CloudTrail files can be large and downloading the entire file just to filter by eventName seems wasteful. S3 Select can run SQL queries server-side and return only matching records. Haven’t implemented this yet because I wanted to get the basics working first.

multi-account support

currently, one iota instance processes logs from one AWS account. for multi-account setups, i’d need cross-account IAM role assumption or multiple deployments. this is on the roadmap.

adaptive classifier for multiple log sources

right now iota only handles CloudTrail and i want to add support for VPC flow logs, S3 server access logs, ALB logs, and Aurora MySQL audit logs. this requires an adaptive classifier that can automatically detect log types.

failure modes

what happens if the pod crashes mid-batch?

the SQS message visibility timeout (5 minutes) will expire, and the message will become visible again . another pod (or the same pod after restart) will process it. this means we might send duplicate alerts. that’s annoying but acceptable (better than missing detections).

the deduplication system helps here: if we process the same event twice, it gets grouped into the same alert instead of creating a duplicate.

what happens if S3 access breaks (IAM issue, bucket deleted, etc)?

the SQS message processing fails with an AWS error. i log it and the message goes to the dead letter queue after 3 retries . if it persists, someone needs to check the logs and fix the IAM role or bucket config.

i should add alerting for “messages in DLQ” but haven’t built that yet.

what happens if SQS is unavailable?

the SQS processor will fail to receive messages. i log the error and retry. if SQS is down for an extended period, messages will queue up in SQS (which has 4 days retention , 345600 seconds). once SQS is back, we’ll process the backlog.

this is actually better than polling! with polling, if the pod is down, we miss files but with SQS, messages wait for us.

what happens if a rule crashes?

the subprocess returns an error, and i log it and continue to the next rule. one broken rule doesn’t stop other rules from running.

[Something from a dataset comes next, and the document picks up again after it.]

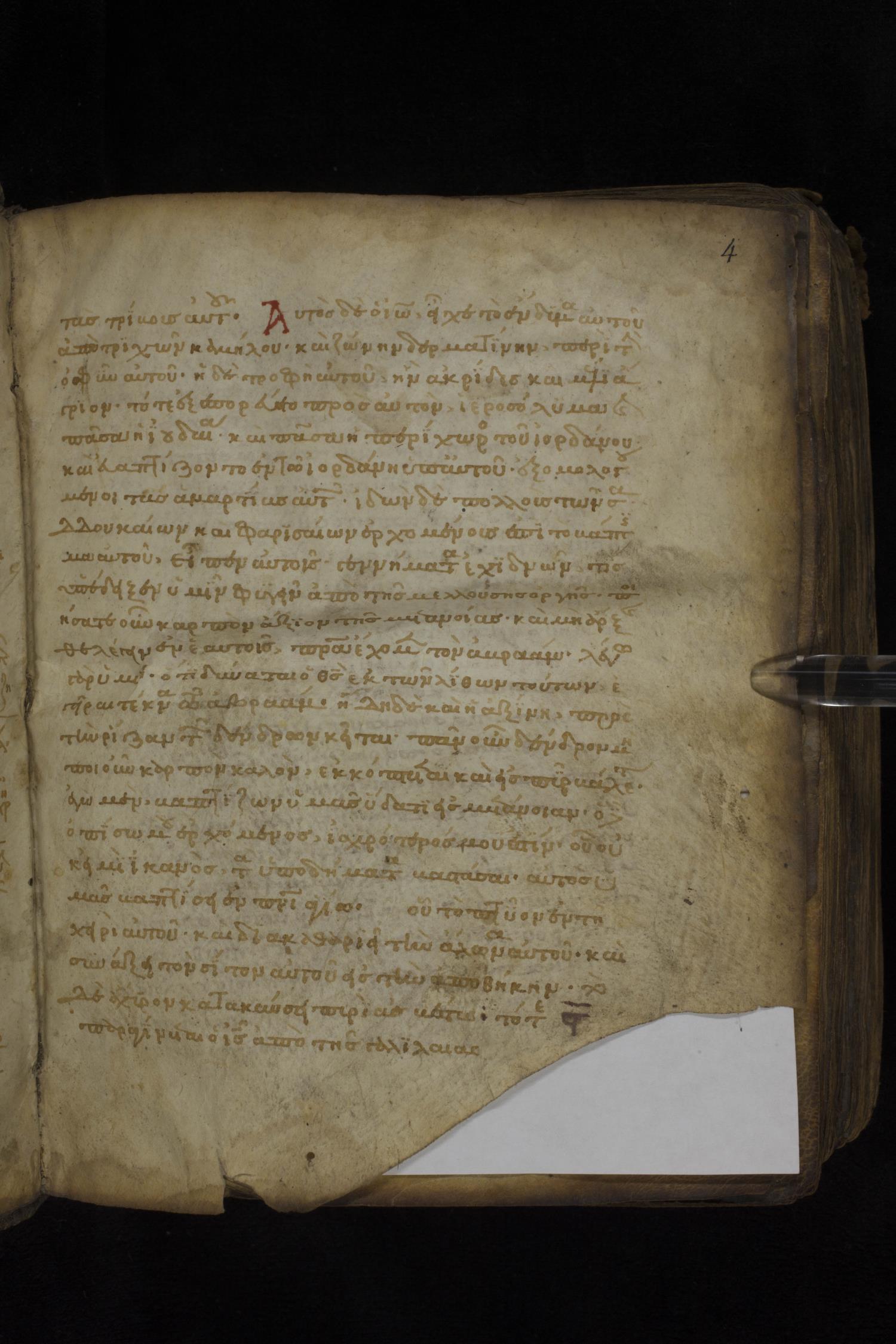 Twelfth century minuscule of the Gospels on parchment; 181 leaves, 1 column, 23-24 lines per column. Images were taken at the National Library of Greece in Athens.

the risk is that the broken rule silently stops detecting things. i should add metrics to track “rules failed” vs “rules succeeded” so we notice when rules start failing.

what happens if the SQLite database gets corrupted?

this really shouldn’t happen often (SQLite is pretty robust), but if it does, we’d lose the deduplication state.

recovery: delete the corrupt database, restart the pod. iota will continue processing, but we’ll lose the ability to deduplicate alerts for a while. new alerts will be sent, but we might get some duplicates until the deduplication state rebuilds.

could mitigate by periodically backing up the SQLite file, but haven’t implemented that.

what happens if Slack is down or the webhook fails?

the alert doesn’t get delivered. i log an error. detection still happened, just nobody got notified.

should add retry logic with exponential backoff, but haven’t yet. for now, if Slack is down, alerts are lost (but they’re in the pod logs).